La Otra Luego de la larga espera en el andén, bajo el sol ardiente de mediodía, no pude sino suspirar de alivio al ver llegar el autobús del transporte universitario. Eso fue un segundo. Al siguiente, me di cuenta de que en seguida comenzaría la batalla campal por entrar antes que los demás. De modo que, a empujones, en parte subí y en parte me subieron al vehículo, y como por milagro, conseguí asiento. Al momento de sentarme y dejar las cosas sobre mis rodillas, suspiré de nuevo. No era una travesía agradable, pero al menos no iba de pie. El autobús se iba llenando de más y más gente, que parecía comprimirse para dar paso a otros. Entonces la vi entrar, justo cuando casi no cabía nadie más. Se coló por la puerta a punto de cerrarse, y se abrió paso por el estrecho pasillo hasta llegar casi junto a mí.

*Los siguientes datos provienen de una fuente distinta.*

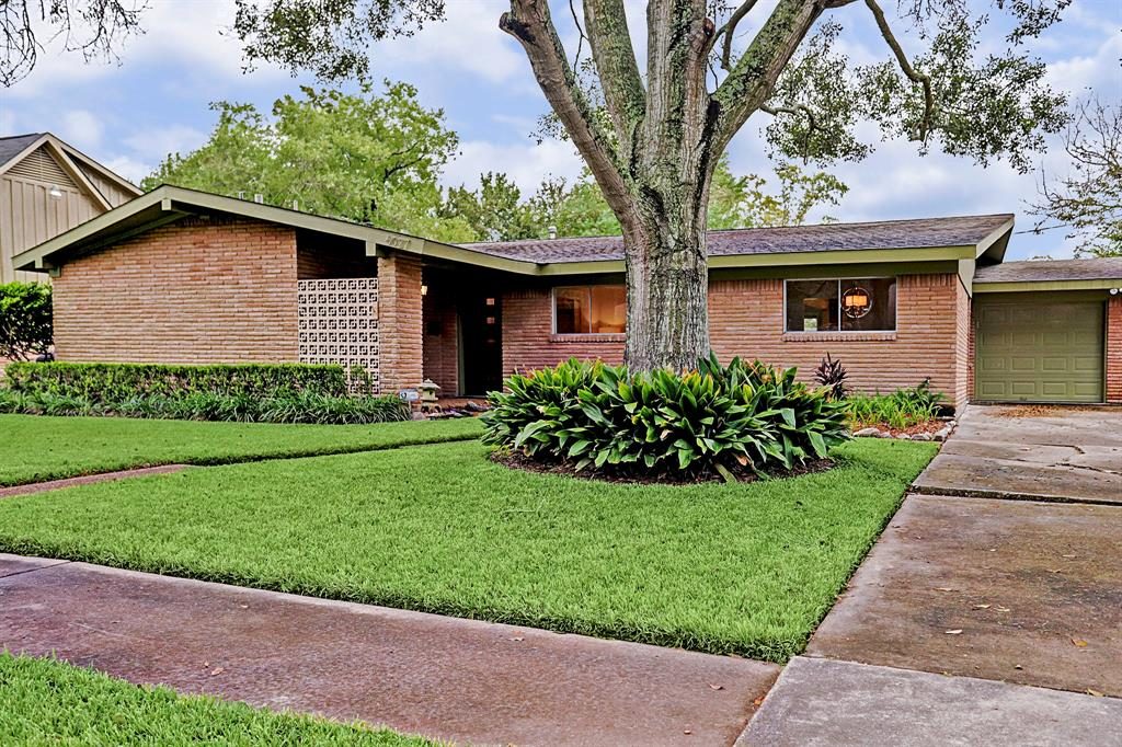Located about two miles outside the loop in the attractive Parkwest neighborhood, this nifty vintage contemporary style house has been carefully preserved and thoughtfully updated. The sensible flow of the original 1960 layout has been preserved yet freshened and refinished to sparkle once again. Note the broad glass expanse with views to the beamed patio. The den features a raised ceiling, and the kitchen’s flush-front cabinetry has been renewed. Parkwest is a deed-restricted community within the City of Houston and is served by the HISD. There are 956 houses with a median size of 2,200 SF and median 1960 construction date. Several vintage contemporary style houses are generally located on each block.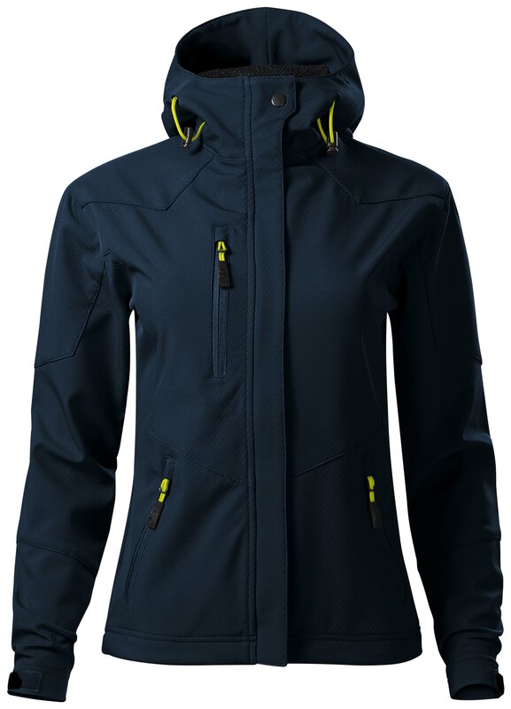 Dámská softshellová bunda s kontrastními detaily. Bunda má efektní texturu softshellu - úprava NANOtex® zabraňující průniku vody. Bunda má dvě přední kapsy a jednu náprsní kapsu na zip. Kapuce je na stažení šňůrkou, kapuce a spodní lemy rukávů jsou nastavitelné suchým zipem. Bunda má projmutý střih.

Pensé que era una ilusión óptica, y la observé con más detenimiento. No lo era. Era yo. Por supuesto, no podía ser yo, puesto que yo estaba sentada acá, con un maletín sobre las rodillas, y ella, la otra, estaba de pie, a un par de pasos, entre la gente que se apelmazaba en el pasillo, aplastándose unos a otros, balanceándose, haciendo equilibrio mientras el tosco vehículo atravesaba la ciudad. Pero de cualquier modo, llevaba unos anteojos idénticos a los míos, y la ropa que yo había decidido ponerme al día siguiente. Tenía mis ojos, mi nariz, mi boca. Me dije que no era la primera vez que confundía, por un instante, a cualquiera en la calle, con un amigo o conocido. Por supuesto, era una teoría mucho más coherente, porque no tiene nada de normal que uno se vea a sí mismo, a una copia de sí mismo, subir al autobús como si tal cosa. Comencé a fijarme un poco en las personas que iban alrededor, que no parecían darse cuenta de nada, y

me dije que con toda probabilidad, estaban demasiado ocupados intentando mantener el equilibrio. Esa labor ocupaba, aparentemente, toda la atención de la otra, quien con una mano en la barra metálica y la otra mano sosteniendo una gruesa carpeta de plástico, paseaba su mirada por los rostros que ocupaban el autobús –entre ellos el mío-sin mostrar el más mínimo cambio en su ánimo. Un instante después, ella se giró, como buscando una posición en la que fuese más fácil no caerse, y aferró su mano al respaldar del asiento que yo tenía enfrente. Un hombre gordo, de pie en primer plano, me impedía el acceso visual al resto de su cuerpo, pero pude notar que tenía, en el antebrazo izquierdo –a medio camino entre el codo y la muñeca-el mismo lunar que yo, pequeño como si hubiese sido hecho con la punta de un bolígrafo. Entonces me decidí. Tocándole ligeramente el codo, me ofrecí a ayudarla con la carpeta, a fin de que pudiera sostenerse mejor. Tenía la esperanza de que, al mirarme, se sorprendiera, o al menos tuviera una reacción, cualquiera que ésta fuese. Pero girándose, me entregó la

carpeta con agradecida indiferencia y un sonriente, inexpresivo «gracias», idéntico al que yo misma habría utilizado en ocasiones similares. Tuve que rendirme. La observé por un par de cuadras más, pero el gordo señor que insistía en comprimirme hacia la ventana, evitaba que mirase cualquier cosa con relativa comodidad. Me dediqué, entonces, a mirar por la ventana a ratos, mientras intentaba, también a ratos, cazar un trozo de la otra entre la multitud de personas que atestaban aún el autobús. La gente se fue bajando cuadra a cuadra, y al poco rato llegó mi parada. Busqué a la otra para entregarle su carpeta, pero no la encontré entre los rostros que poblaban la unidad. Me fijé con cuidado, y tuve que rendirme ante la evidencia: la otra se había bajado, en alguna pausa anterior, y había abandonado –seguramente por error-su carpeta en mis manos. Me bajé en la parada que me correspondía. No sabía qué hacer. Intenté imaginarme mi propia angustia al haber perdido alguna cosa en un autobús. No podía poner en la universidad un cartel llamándome a mí misma, algo

así como Marianne, si extraviaste tu carpeta, llama a Marianne a este teléfono. Sólo entonces me di cuenta de que no sabía si, a fin de cuentas, la otra se llamaba como yo, cosa que no tenía que ser necesariamente cierta. Estuve de pie en la acera, durante unos instantes, pensando. Entonces decidí abrir la carpeta, buscando alguna pista sobre la existencia real de la otra. Dentro de ella había sólo un sobre de manila. Y dentro de éste, el manuscrito del libro que, la noche anterior, había comenzado a escribir.